*Prompt*. A faithful repeat of all the records, with no image kept, is the required answer.

Data excerpts:
____
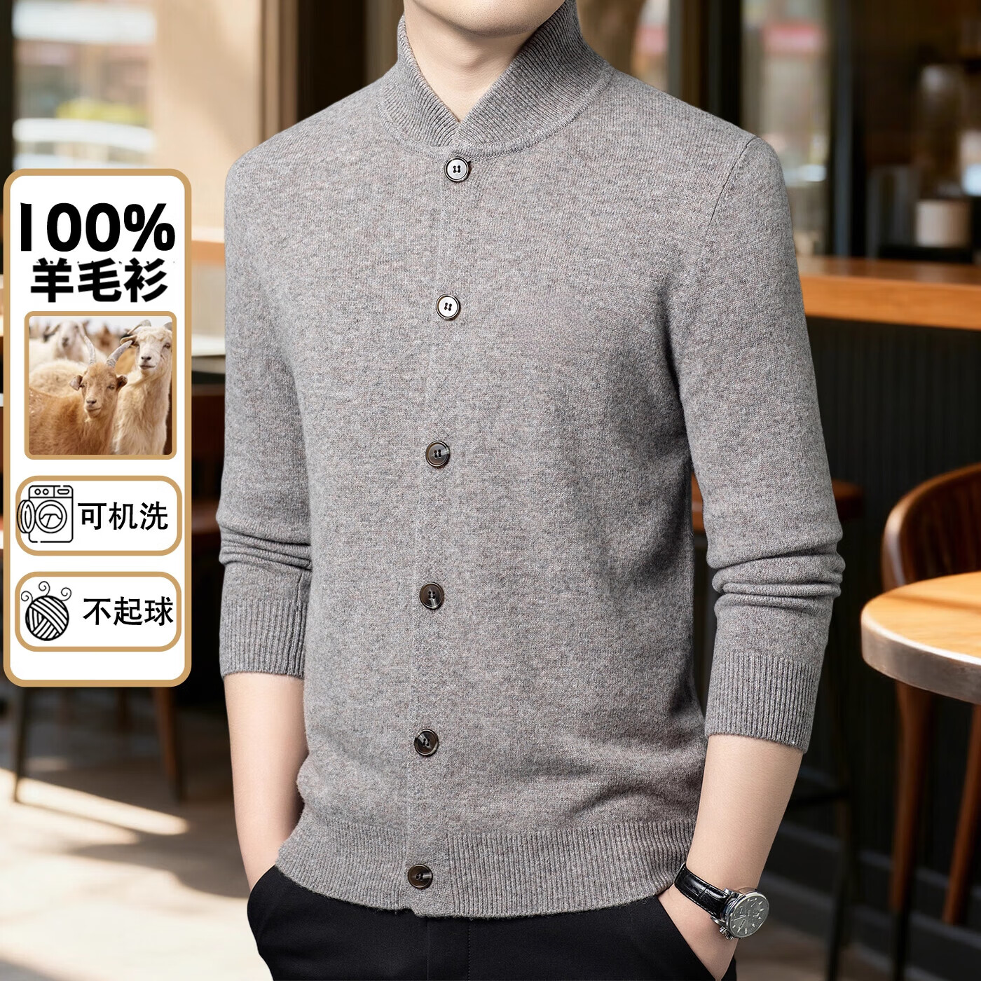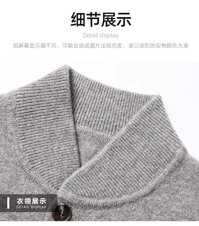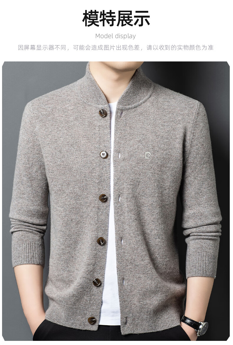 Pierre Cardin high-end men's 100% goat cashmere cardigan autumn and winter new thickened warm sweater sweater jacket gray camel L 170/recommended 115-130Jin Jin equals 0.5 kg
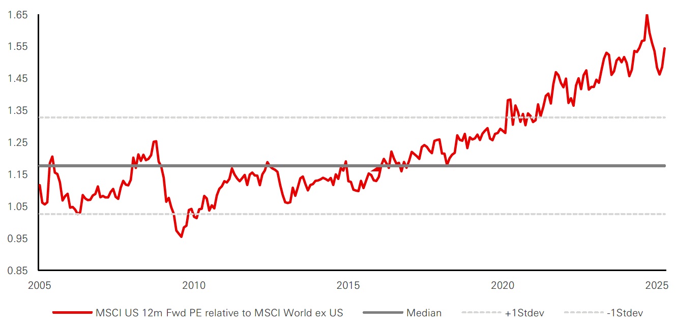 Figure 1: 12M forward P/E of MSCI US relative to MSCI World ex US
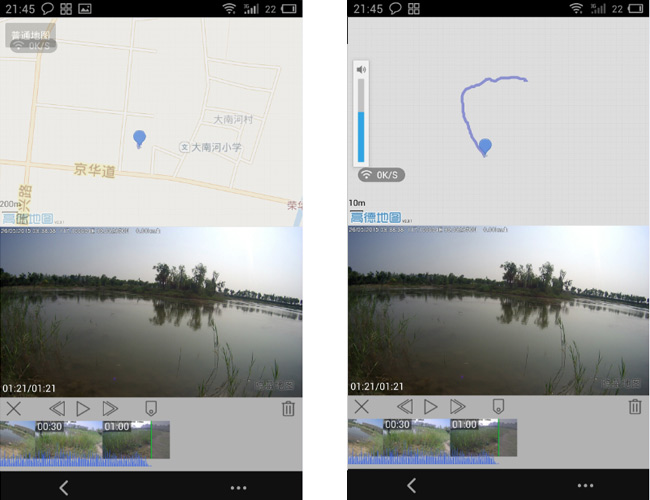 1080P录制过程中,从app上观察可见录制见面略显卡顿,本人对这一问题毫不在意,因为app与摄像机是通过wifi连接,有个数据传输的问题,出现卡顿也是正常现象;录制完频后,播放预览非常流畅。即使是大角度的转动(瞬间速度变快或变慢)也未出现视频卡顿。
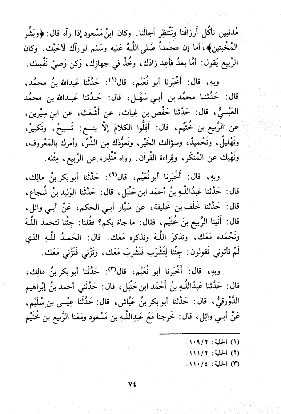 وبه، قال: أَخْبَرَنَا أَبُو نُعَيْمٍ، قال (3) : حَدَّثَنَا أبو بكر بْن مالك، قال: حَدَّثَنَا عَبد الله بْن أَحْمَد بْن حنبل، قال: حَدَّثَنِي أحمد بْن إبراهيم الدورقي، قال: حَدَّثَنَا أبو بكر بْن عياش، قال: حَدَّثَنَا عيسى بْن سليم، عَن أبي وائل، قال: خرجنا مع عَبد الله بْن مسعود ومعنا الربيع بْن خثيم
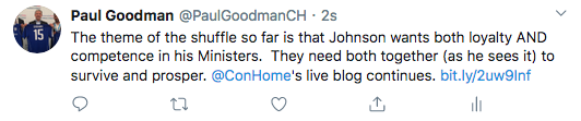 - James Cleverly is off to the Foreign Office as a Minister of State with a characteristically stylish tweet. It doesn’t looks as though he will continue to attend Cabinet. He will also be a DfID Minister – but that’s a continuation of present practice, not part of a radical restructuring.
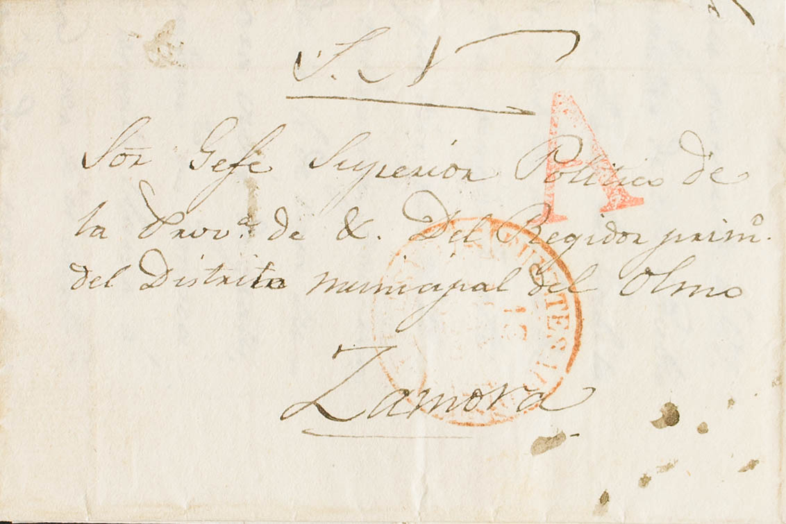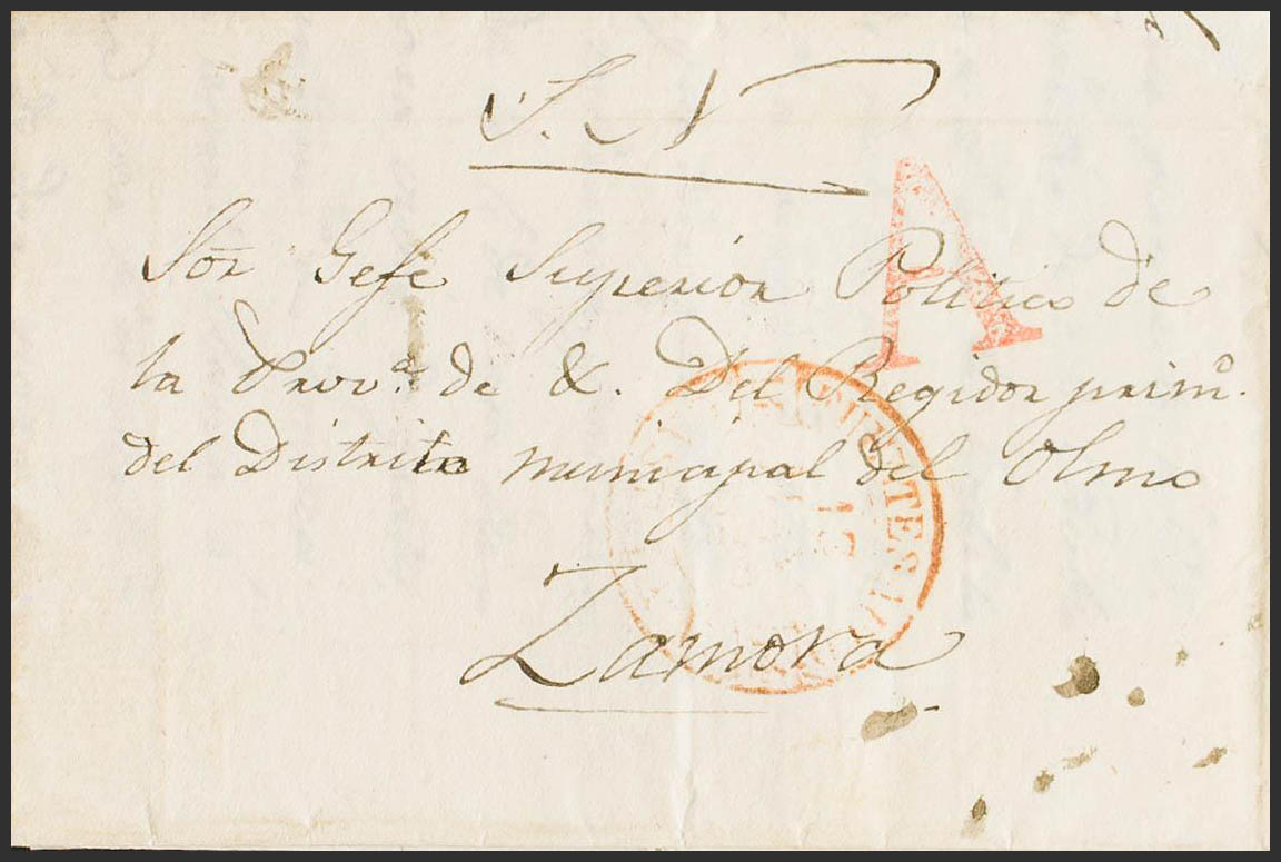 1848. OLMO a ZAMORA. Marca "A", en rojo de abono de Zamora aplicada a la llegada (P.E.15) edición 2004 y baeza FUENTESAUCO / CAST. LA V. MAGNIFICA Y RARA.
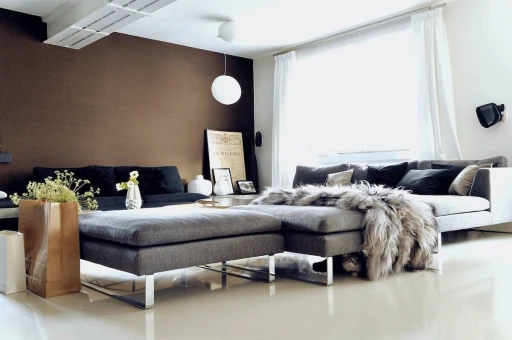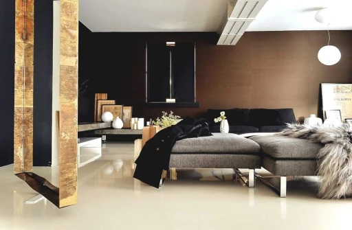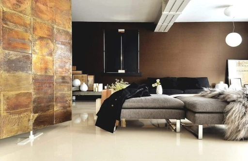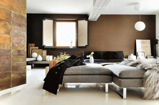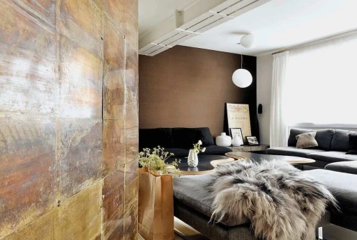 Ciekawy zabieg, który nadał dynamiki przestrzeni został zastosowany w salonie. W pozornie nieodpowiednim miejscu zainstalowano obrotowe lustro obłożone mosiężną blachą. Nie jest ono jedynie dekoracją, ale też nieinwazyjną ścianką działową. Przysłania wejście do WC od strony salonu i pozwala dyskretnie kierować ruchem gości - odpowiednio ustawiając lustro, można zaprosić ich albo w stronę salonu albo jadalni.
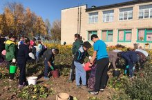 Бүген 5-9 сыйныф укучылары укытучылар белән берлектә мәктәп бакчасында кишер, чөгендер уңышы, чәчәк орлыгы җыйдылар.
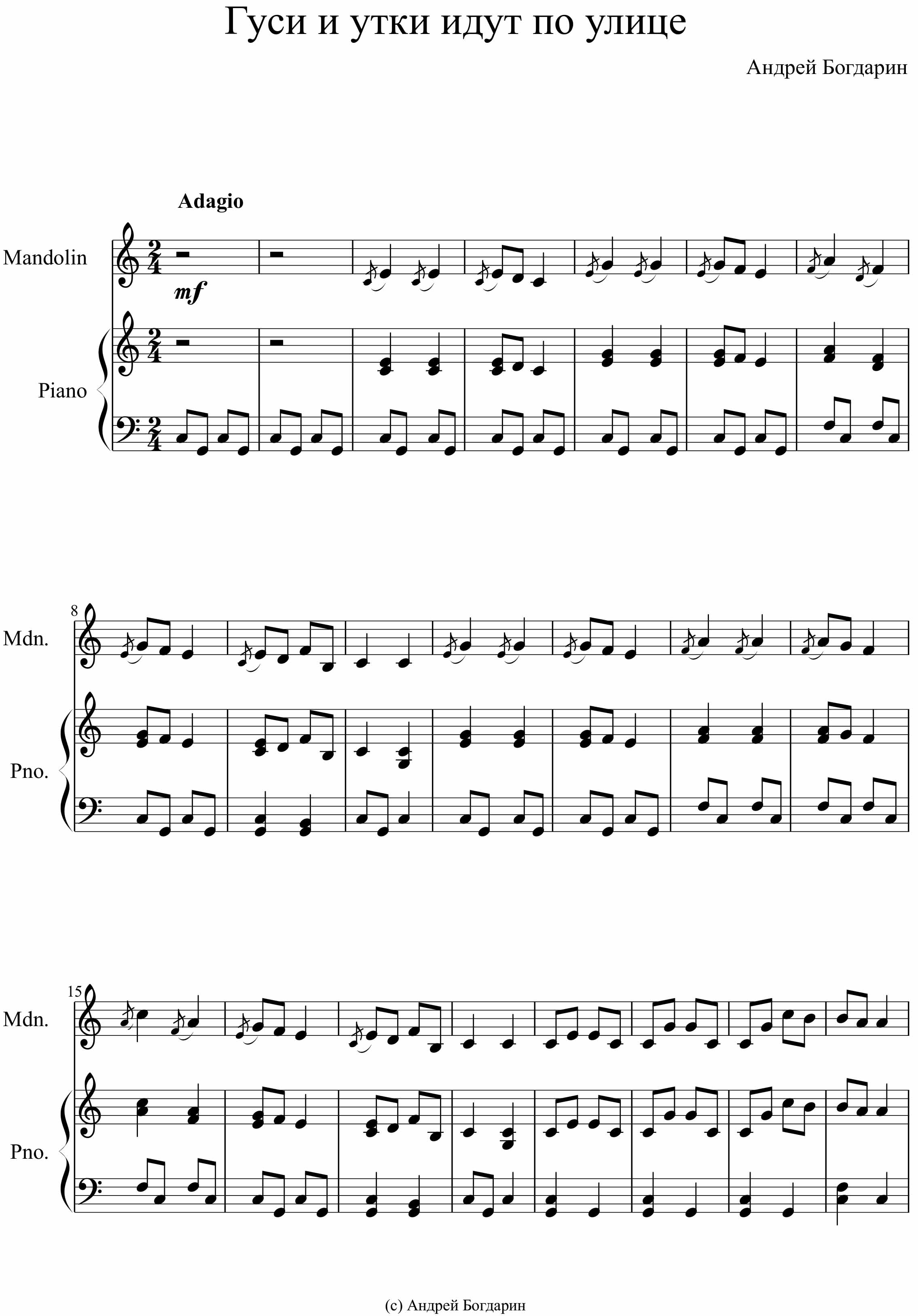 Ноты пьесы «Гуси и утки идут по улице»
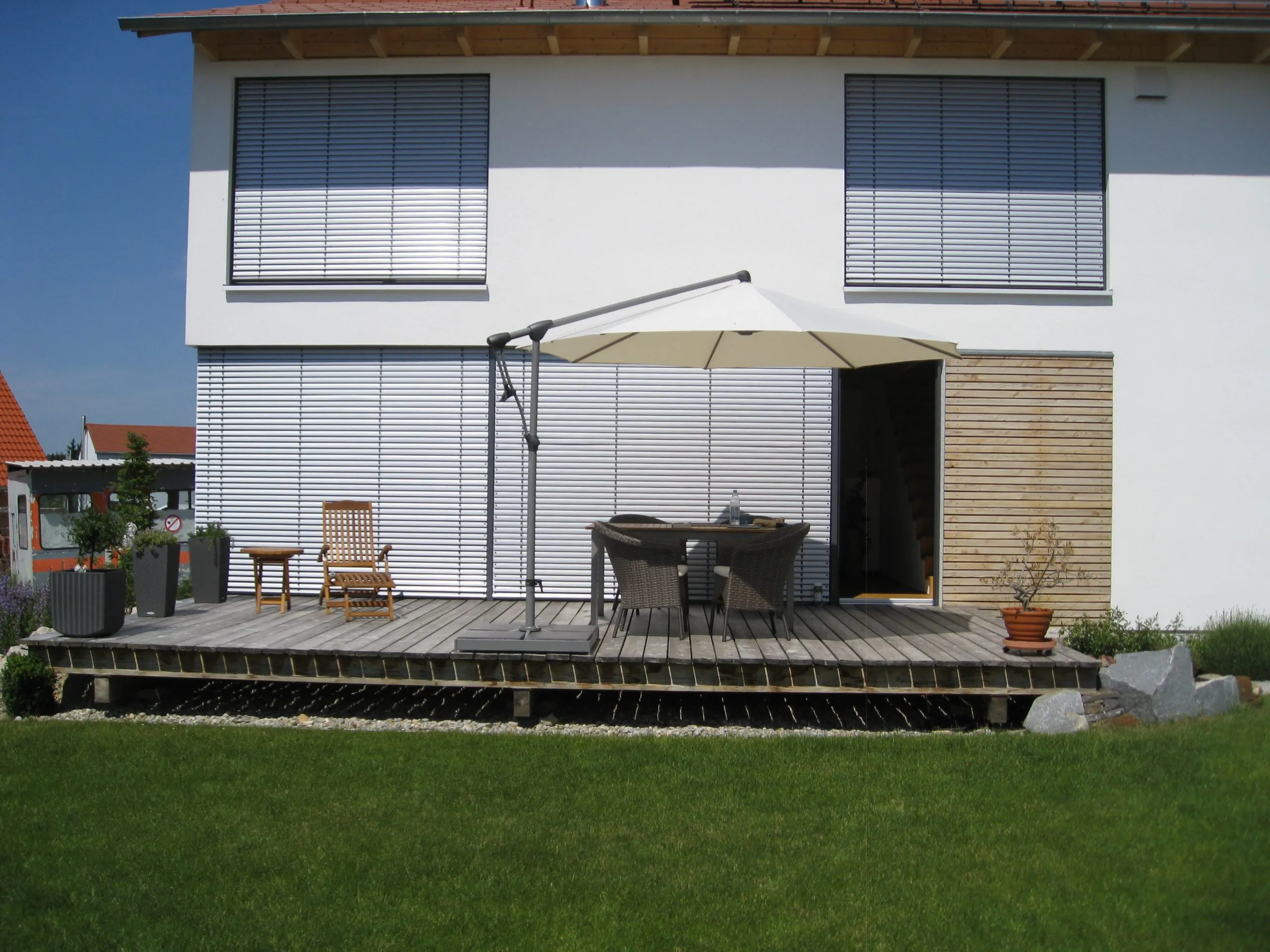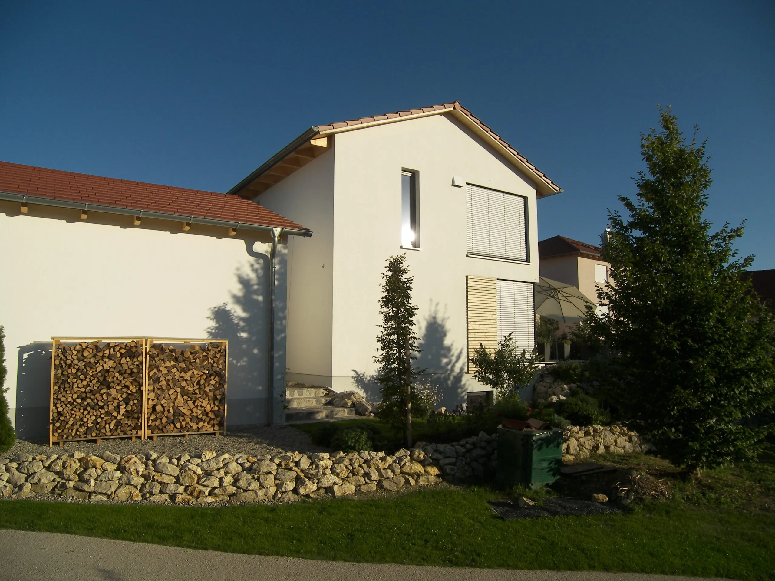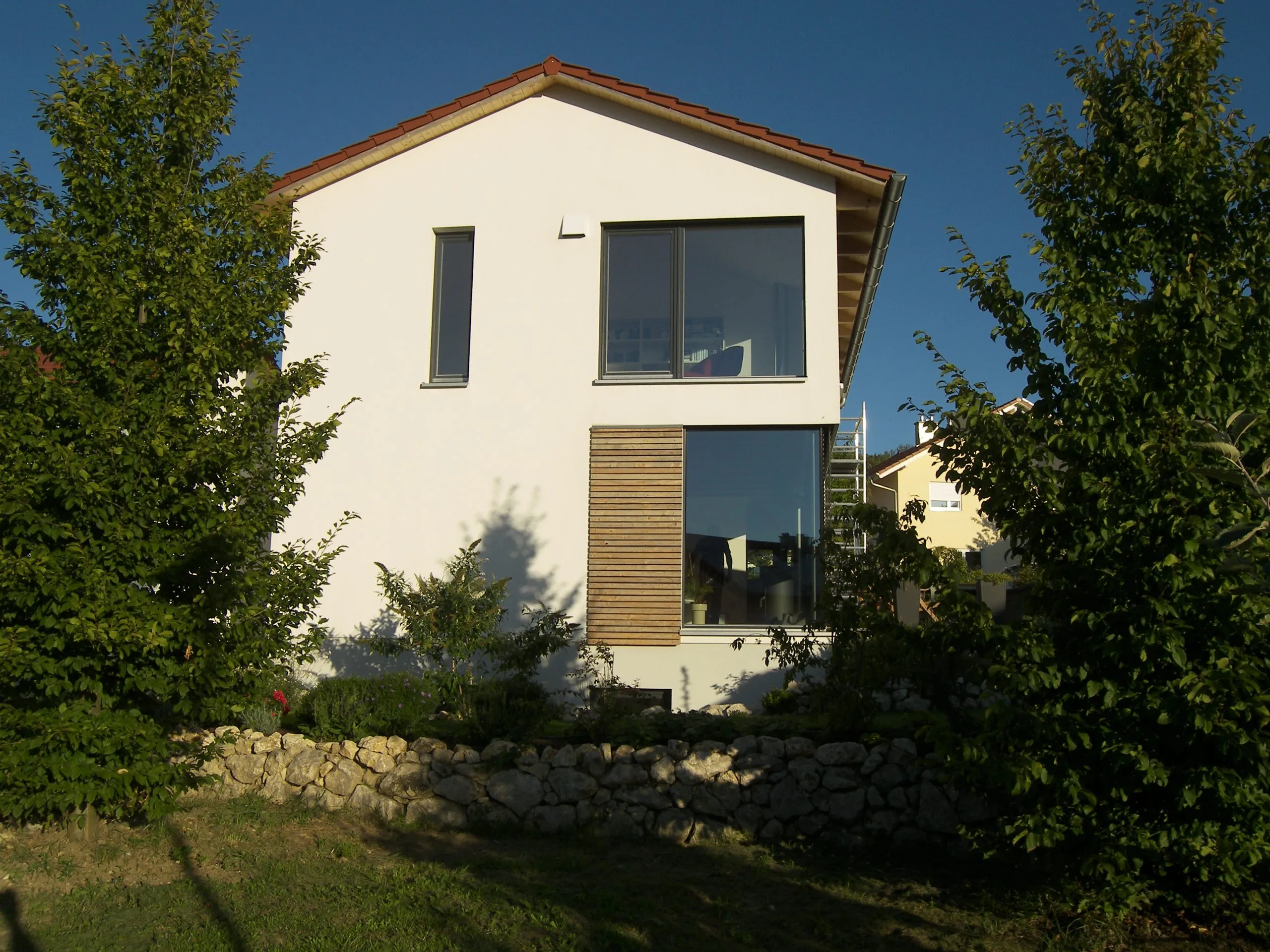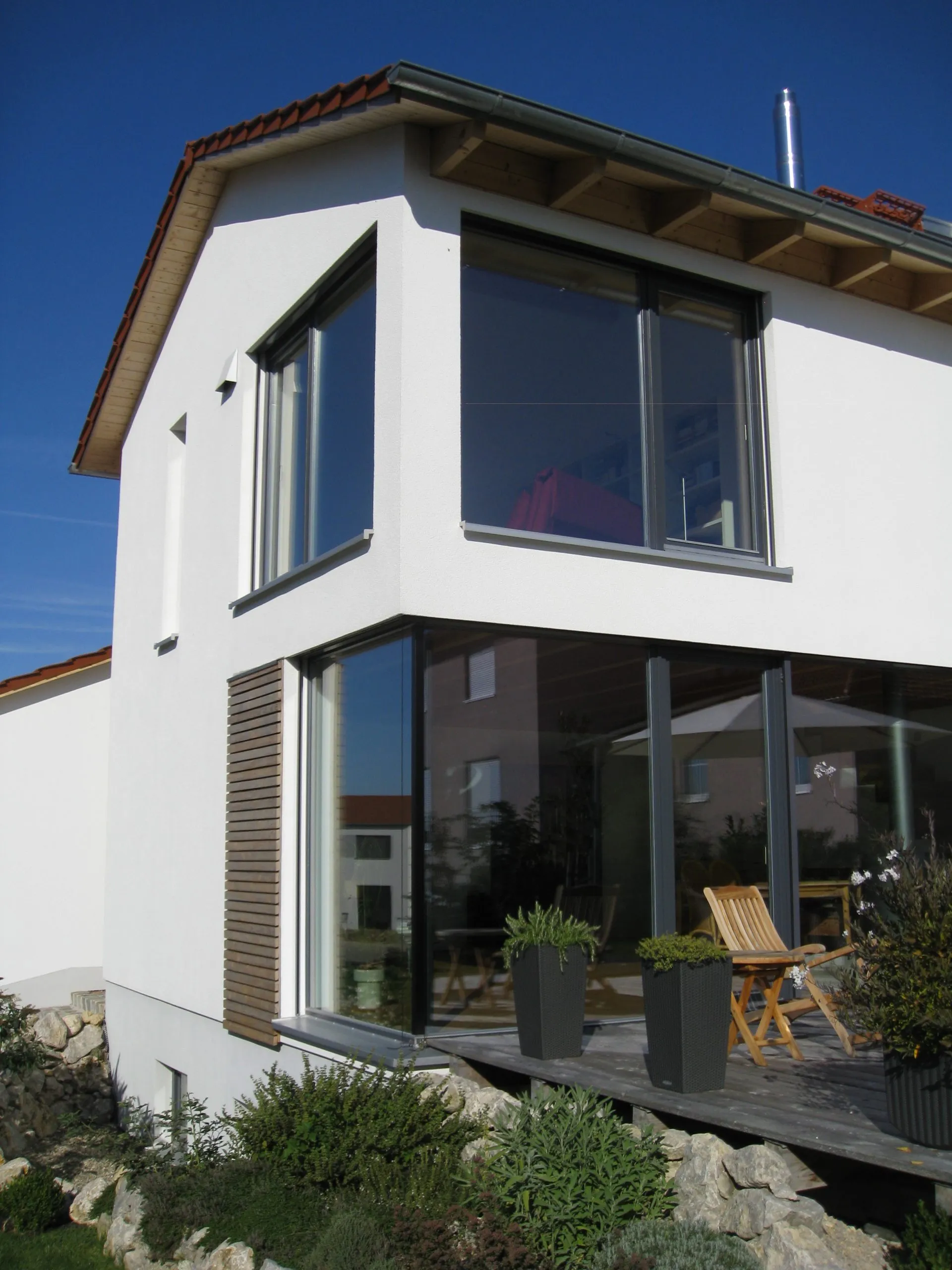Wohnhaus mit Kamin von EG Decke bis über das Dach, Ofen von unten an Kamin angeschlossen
____
*Your response*.
 Pierre Cardin high-end men's 100% goat cashmere cardigan autumn and winter new thickened warm sweater sweater jacket gray camel L 170/recommended 115-130Jin Jin equals 0.5 kg
 Figure 1: 12M forward P/E of MSCI US relative to MSCI World ex US
 1080P录制过程中,从app上观察可见录制见面略显卡顿,本人对这一问题毫不在意,因为app与摄像机是通过wifi连接,有个数据传输的问题,出现卡顿也是正常现象;录制完频后,播放预览非常流畅。即使是大角度的转动(瞬间速度变快或变慢)也未出现视频卡顿。
 وبه، قال: أَخْبَرَنَا أَبُو نُعَيْمٍ، قال (3) : حَدَّثَنَا أبو بكر بْن مالك، قال: حَدَّثَنَا عَبد الله بْن أَحْمَد بْن حنبل، قال: حَدَّثَنِي أحمد بْن إبراهيم الدورقي، قال: حَدَّثَنَا أبو بكر بْن عياش، قال: حَدَّثَنَا عيسى بْن سليم، عَن أبي وائل، قال: خرجنا مع عَبد الله بْن مسعود ومعنا الربيع بْن خثيم
 - James Cleverly is off to the Foreign Office as a Minister of State with a characteristically stylish tweet. It doesn’t looks as though he will continue to attend Cabinet. He will also be a DfID Minister – but that’s a continuation of present practice, not part of a radical restructuring.
 1848. OLMO a ZAMORA. Marca "A", en rojo de abono de Zamora aplicada a la llegada (P.E.15) edición 2004 y baeza FUENTESAUCO / CAST. LA V. MAGNIFICA Y RARA.
 Ciekawy zabieg, który nadał dynamiki przestrzeni został zastosowany w salonie. W pozornie nieodpowiednim miejscu zainstalowano obrotowe lustro obłożone mosiężną blachą. Nie jest ono jedynie dekoracją, ale też nieinwazyjną ścianką działową. Przysłania wejście do WC od strony salonu i pozwala dyskretnie kierować ruchem gości - odpowiednio ustawiając lustro, można zaprosić ich albo w stronę salonu albo jadalni.
 Бүген 5-9 сыйныф укучылары укытучылар белән берлектә мәктәп бакчасында кишер, чөгендер уңышы, чәчәк орлыгы җыйдылар.
 Ноты пьесы «Гуси и утки идут по улице»
Wohnhaus mit Kamin von EG Decke bis über das Dach, Ofen von unten an Kamin angeschlossen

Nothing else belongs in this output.